The place of damage rule is subject to two exceptions:

  • if the parties have the same habitual residence at the time of damage, the law of that country shall apply to the exclusion of the law of the place of damage. There need be no further meaningful connection between the place of mutual habitual residence and the damage in question. There is no definition of 'habitual residence' generally in Rome II, but it is defined in three circumstances:
  • the habitual residence of companies and other bodies, corporate or unincorporated, is the place of their central administration;
  • where the event giving rise to the damage occurs, or the damage arises, in the course of operation of a branch, agency or any other establishment, the place where the branch, agency or other establishment is located shall be treated as the place of habitual residence;
  • the habitual residence of a natural person acting in the course of his or her business activity shall be his or her principal place of business.

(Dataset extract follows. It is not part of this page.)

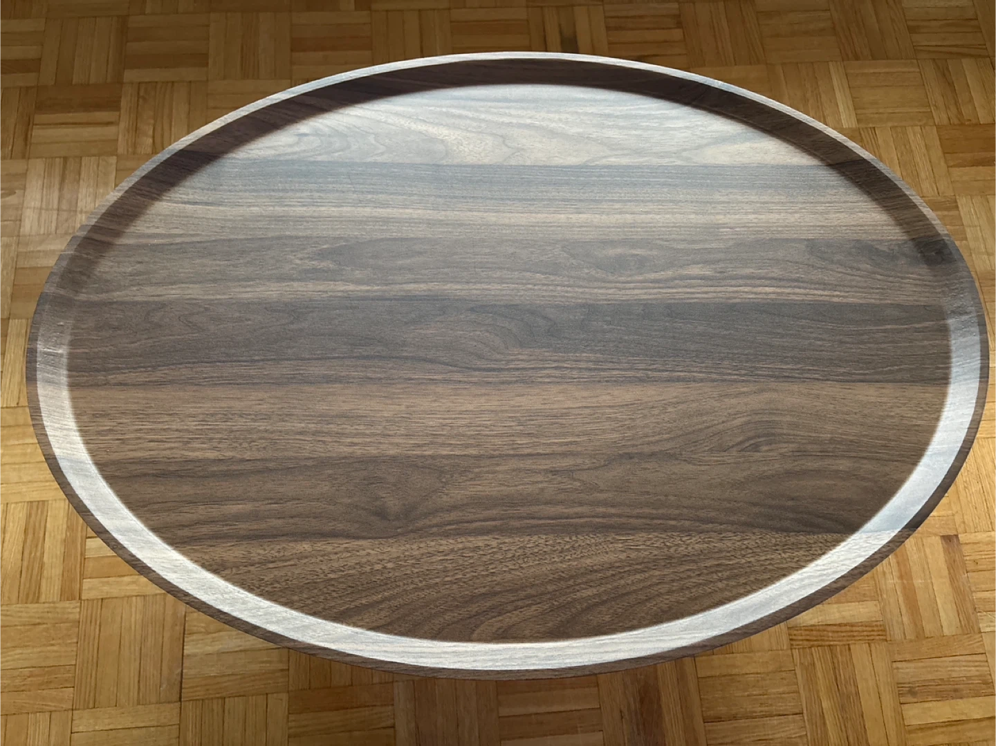 Selling a lovely round coffee table! It's in great shape and would look fantastic in any living room. The wood grain is really beautiful, and the simple design makes it super versatile

  • if the tort is manifestly more closely connected with another country. This exception will allow for displacement of either the law of the place of damage or the law of the place of mutual habitual residence, and in the case of the latter may mean reinstating the law of the place of damage. The requirement of a "manifestly" closer connection is intended to convey the exceptional nature of this rule – it cannot be lightly invokes to displace the law otherwise applicable.